YOUR GOAL: Could the listing below be reproduced exactly, minus its pictures?

DATA EXCERPT:
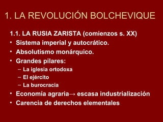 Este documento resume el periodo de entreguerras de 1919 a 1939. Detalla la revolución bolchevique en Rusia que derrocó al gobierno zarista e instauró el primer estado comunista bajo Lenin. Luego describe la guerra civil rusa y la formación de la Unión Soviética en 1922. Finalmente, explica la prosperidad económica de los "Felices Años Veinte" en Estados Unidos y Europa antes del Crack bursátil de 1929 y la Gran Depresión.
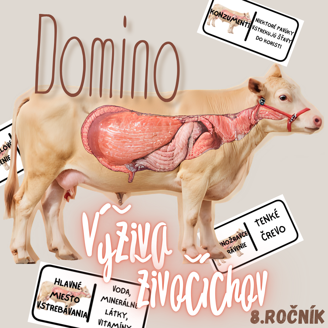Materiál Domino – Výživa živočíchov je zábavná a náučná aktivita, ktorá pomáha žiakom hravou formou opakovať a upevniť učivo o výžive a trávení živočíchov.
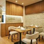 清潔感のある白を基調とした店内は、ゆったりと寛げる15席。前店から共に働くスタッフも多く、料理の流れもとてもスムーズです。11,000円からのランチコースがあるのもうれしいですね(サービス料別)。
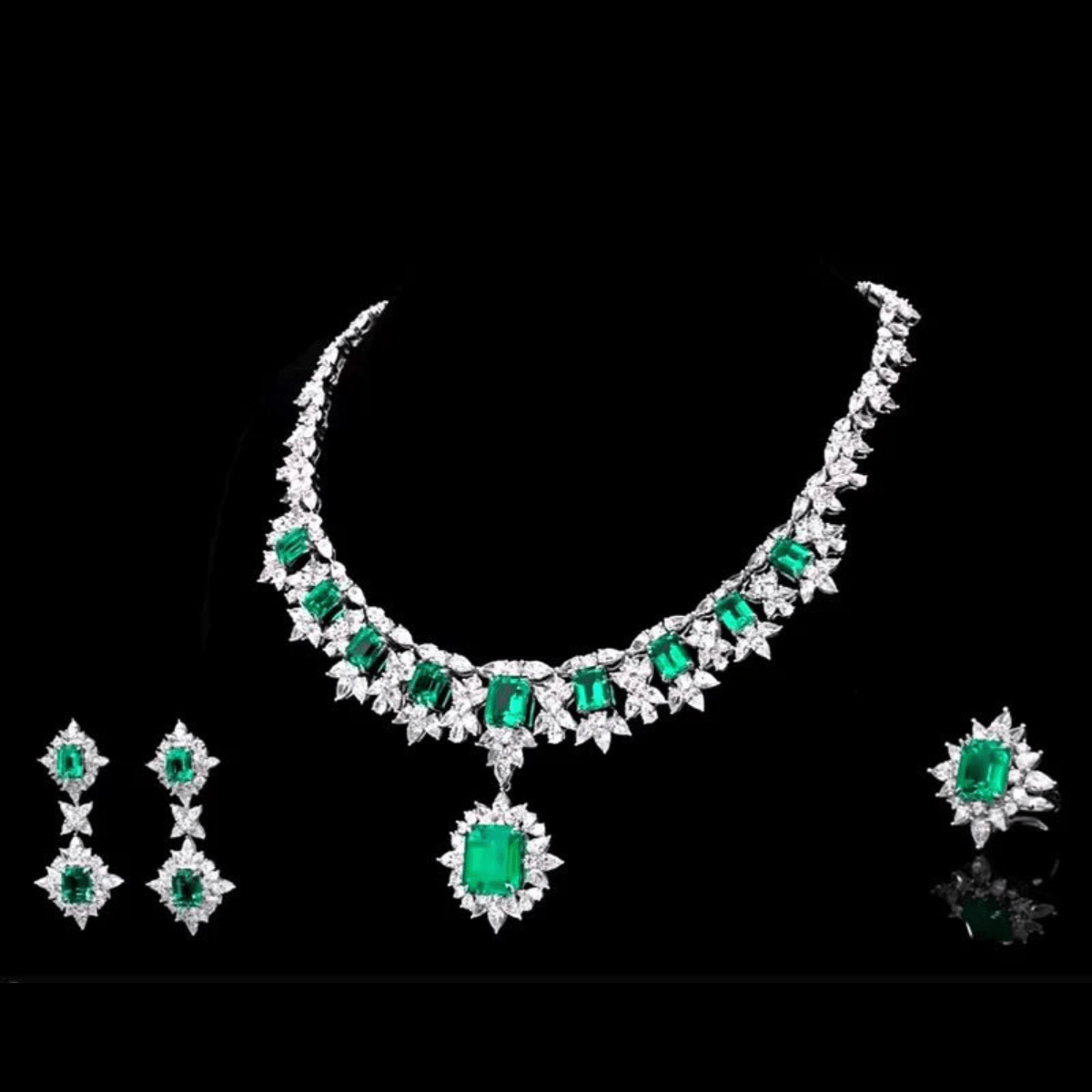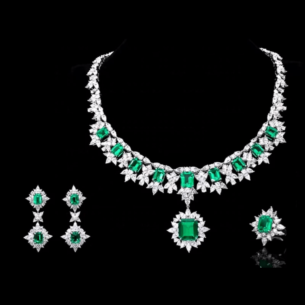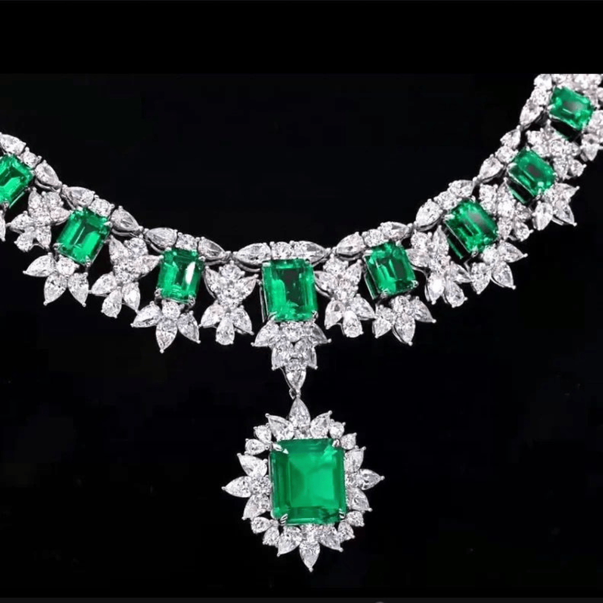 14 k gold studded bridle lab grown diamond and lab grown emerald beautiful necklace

RESULT FOR THIS EXERCISE:
 Este documento resume el periodo de entreguerras de 1919 a 1939. Detalla la revolución bolchevique en Rusia que derrocó al gobierno zarista e instauró el primer estado comunista bajo Lenin. Luego describe la guerra civil rusa y la formación de la Unión Soviética en 1922. Finalmente, explica la prosperidad económica de los "Felices Años Veinte" en Estados Unidos y Europa antes del Crack bursátil de 1929 y la Gran Depresión.
Materiál Domino – Výživa živočíchov je zábavná a náučná aktivita, ktorá pomáha žiakom hravou formou opakovať a upevniť učivo o výžive a trávení živočíchov.
 清潔感のある白を基調とした店内は、ゆったりと寛げる15席。前店から共に働くスタッフも多く、料理の流れもとてもスムーズです。11,000円からのランチコースがあるのもうれしいですね(サービス料別)。
 14 k gold studded bridle lab grown diamond and lab grown emerald beautiful necklace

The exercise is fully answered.